GOP ranks dropped by 31,000 since state elected Romney

Email|Print| Text size + By the Boston Globe City & Region Desk
November 2, 06 04:37 PM

By Andrew Ryan, Globe Correspondent

The number of registered Republicans in Massachusetts has fallen by more than 31,000 since the state elected Governor Mitt Romney four years ago, dropping the GOP's already scant numbers in the heavily Democratic state to its lowest point in six years, according to a count released today of voters eligible to cast ballots in Tuesday's election.

As the party struggles to hold its 16-year monopoly on governor's office with its candidate flagging in most polls, GOP voting rolls dipped by about 6 percent in the last four years. That means Republicans now make up 12.5 percent of the state's voters, or 498,962, according to the data released by the Secretary of State's office. When the state elected Romney, a Republican, in 2002, the GOP made up 13.4 percent of the electorate.

"The last 10 years it's as if the Republican Party has been evaporating in this state," said Todd Domke, a Republican analyst who has worked with the national party. "But it's less a matter of registration than fewer candidates, fewer office holders, fewer leaders and no strategy to reverse the trend. That's what's disturbing."

Democrats, by contrast, gained about 30,000 new faces in the last four years, inflating their numbers by 2 percent, according to the new registration data. In the seven weeks since the primary, the party added 19,000 members, giving it almost 37 percent of the state's registered voters, or 1,472,707.

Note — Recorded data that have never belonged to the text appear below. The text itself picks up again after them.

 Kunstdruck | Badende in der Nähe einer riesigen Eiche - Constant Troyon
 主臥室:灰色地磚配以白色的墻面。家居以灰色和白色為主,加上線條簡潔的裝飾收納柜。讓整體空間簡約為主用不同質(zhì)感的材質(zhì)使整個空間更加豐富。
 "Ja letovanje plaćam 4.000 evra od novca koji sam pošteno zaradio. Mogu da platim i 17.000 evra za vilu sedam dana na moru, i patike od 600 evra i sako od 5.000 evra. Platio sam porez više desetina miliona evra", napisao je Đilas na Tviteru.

Brian Dodge, executive director of the state Republican Party, said that the Democratic rolls benefited from a competitive primary. The GOP, Dodge said, has a much larger base than is evident from party registration and has dedicated resources to unenrolled voters who share the Republican perspective.

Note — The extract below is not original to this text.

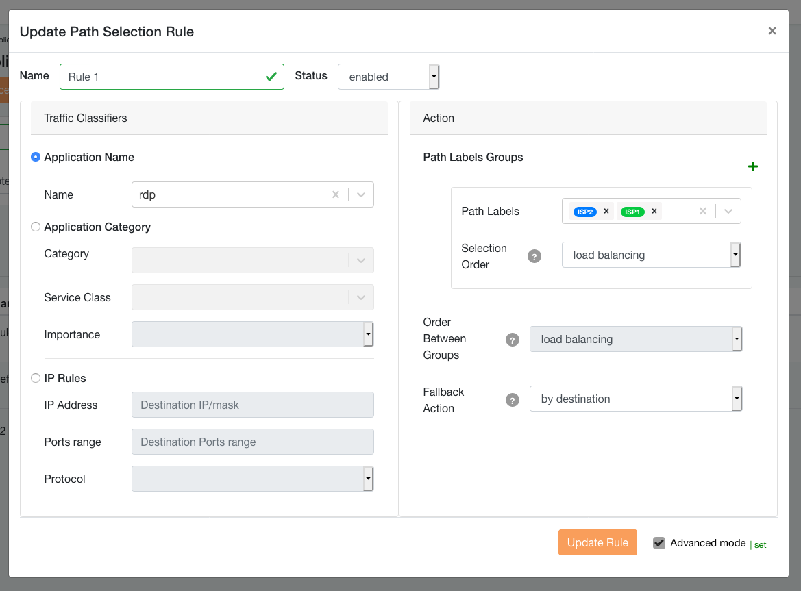 Under Rule Actions, click on the settings icon and enable the rule from the Status drop-down. Add ISP1 and ISP2 path labels in the Action > Path Labels section. Finally from “Select by” choose “Load balancing”.

"Unenrolled doesn't mean undecided," said Dodge, who defended this year's slate of GOP candidates. "I would describe [many of the unenrolled] as closet Republicans."

The largest registration jump since the since the September primary belongs to voters who do not belong to a political party. The number of unenrolled increased by almost 39,000 since the primary to 1.9 million, or almost 50 percent of registered voters in Massachusetts.

The fluctuation in registration numbers can be explained by new voters, voters changing parties, voters switching to unrolled status, people dying or residents moving out of state, said Brian McNiff, a spokesman for the Secretary of State's office. The data released today did not include numbers for other political parties, including Green-Rainbow and Libertarian, which should be available on Friday.

Overall voter registration was up by 17,854 since 2002, the last time there was a gubernatorial election. The total number of 3,990,505 is down from 2004, however, when a presidential election drew almost 4.1 million registered voters in Massachusetts.